AN ACT CONCERNING ADVANCED NOTICE OF AN EMPLOYEE'S
WORK SCHEDULE BY AN EMPLOYER.

SUMMARY
This bill generally requires employers with at least 500 employees in
specified sectors (retail, food service, hospitality, or certain occupations
in long-term health care services establishments) to pay employees
when the employer, without meeting certain notice requirements, (1)
cancels or reduces scheduled hours or (2) adds work hours or changes
the date, time, or location of a work shift without reducing hours.
The bill applies to employees who are not exempt from minimum
wage or overtime rules.

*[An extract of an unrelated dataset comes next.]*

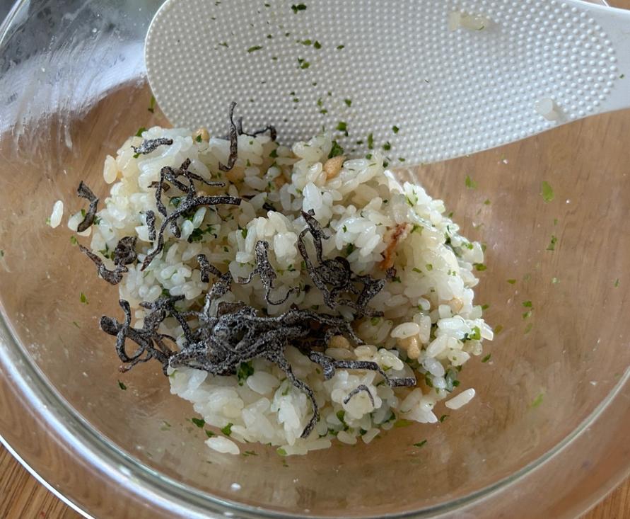 2. 今回はここに塩昆布を加え、さっくりとまぜます。
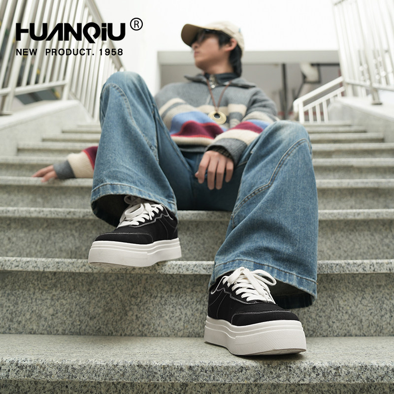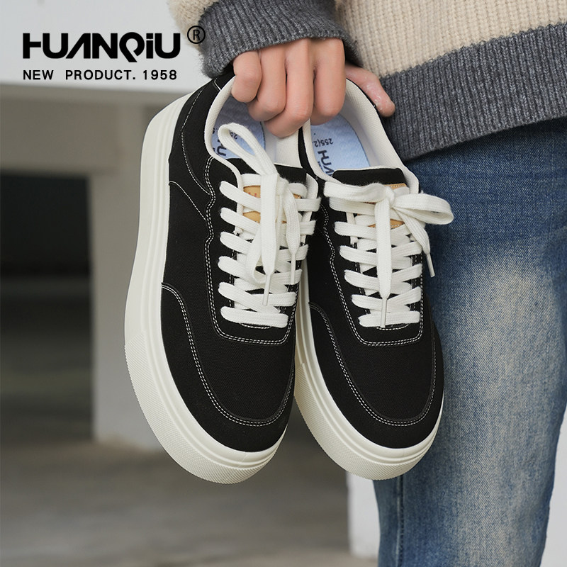 环球厚底帆布鞋男款2025新款秋冬透气轻便增高板鞋休闲运动鞋子男

It allows exceptions to these requirements
under certain circumstances, such as when an employee makes a written
request for leave; employees mutually agree to swap shift s; or during
power outages or a declared state of emergency.
Under the bill, covered employers must (1) try to schedule existing
employees for their desired number of weekly hours before hiring a new
employee and (2) pay an existing employee for the hours a newly hired
employee works during the existing employee’s written availability.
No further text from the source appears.